* Work request *
Set down every line of the data exactly, skipping the pictures.

* Raw data *
==============================
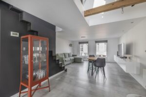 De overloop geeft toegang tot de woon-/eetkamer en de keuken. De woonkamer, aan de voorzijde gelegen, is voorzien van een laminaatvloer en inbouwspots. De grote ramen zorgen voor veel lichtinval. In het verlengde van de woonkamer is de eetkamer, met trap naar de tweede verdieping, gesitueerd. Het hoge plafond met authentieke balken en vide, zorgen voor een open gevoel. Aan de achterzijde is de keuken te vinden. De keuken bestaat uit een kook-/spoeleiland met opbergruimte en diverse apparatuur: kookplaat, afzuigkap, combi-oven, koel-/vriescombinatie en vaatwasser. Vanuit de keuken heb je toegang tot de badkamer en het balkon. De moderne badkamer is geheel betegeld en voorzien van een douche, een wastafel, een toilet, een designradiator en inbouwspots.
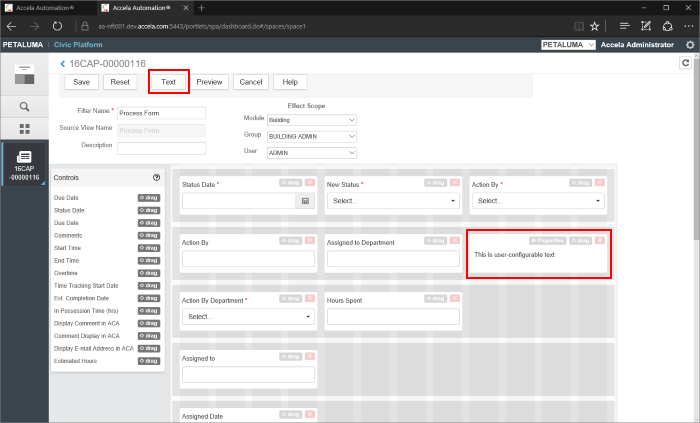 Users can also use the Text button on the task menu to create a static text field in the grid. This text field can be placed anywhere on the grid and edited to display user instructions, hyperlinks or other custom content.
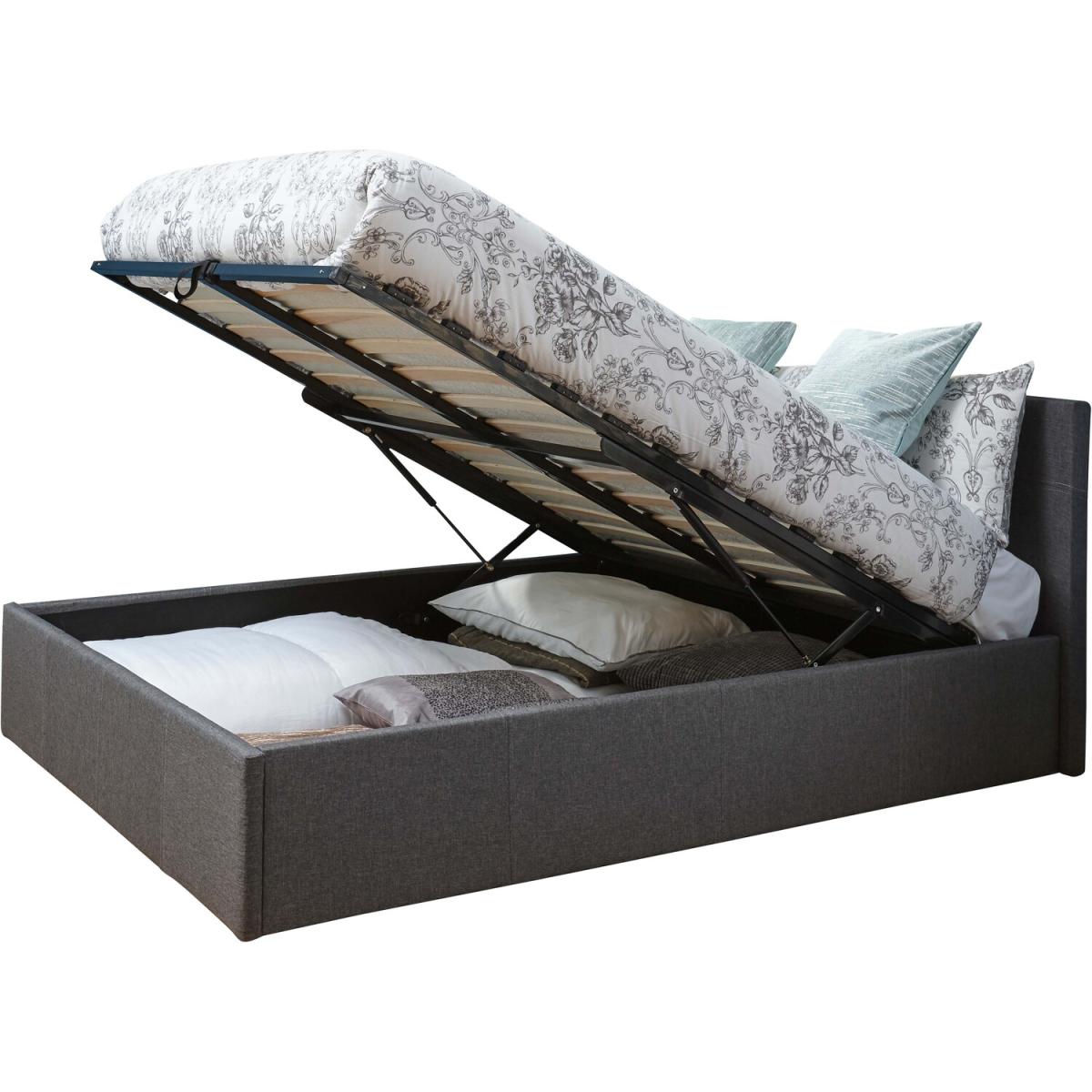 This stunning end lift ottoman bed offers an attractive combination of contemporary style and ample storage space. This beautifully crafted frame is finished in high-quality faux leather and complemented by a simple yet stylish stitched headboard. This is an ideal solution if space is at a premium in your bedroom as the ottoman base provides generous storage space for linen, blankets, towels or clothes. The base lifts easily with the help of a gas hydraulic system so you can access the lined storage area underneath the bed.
==============================
* Solution for this task *
 De overloop geeft toegang tot de woon-/eetkamer en de keuken. De woonkamer, aan de voorzijde gelegen, is voorzien van een laminaatvloer en inbouwspots. De grote ramen zorgen voor veel lichtinval. In het verlengde van de woonkamer is de eetkamer, met trap naar de tweede verdieping, gesitueerd. Het hoge plafond met authentieke balken en vide, zorgen voor een open gevoel. Aan de achterzijde is de keuken te vinden. De keuken bestaat uit een kook-/spoeleiland met opbergruimte en diverse apparatuur: kookplaat, afzuigkap, combi-oven, koel-/vriescombinatie en vaatwasser. Vanuit de keuken heb je toegang tot de badkamer en het balkon. De moderne badkamer is geheel betegeld en voorzien van een douche, een wastafel, een toilet, een designradiator en inbouwspots.
 Users can also use the Text button on the task menu to create a static text field in the grid. This text field can be placed anywhere on the grid and edited to display user instructions, hyperlinks or other custom content.
 This stunning end lift ottoman bed offers an attractive combination of contemporary style and ample storage space. This beautifully crafted frame is finished in high-quality faux leather and complemented by a simple yet stylish stitched headboard. This is an ideal solution if space is at a premium in your bedroom as the ottoman base provides generous storage space for linen, blankets, towels or clothes. The base lifts easily with the help of a gas hydraulic system so you can access the lined storage area underneath the bed.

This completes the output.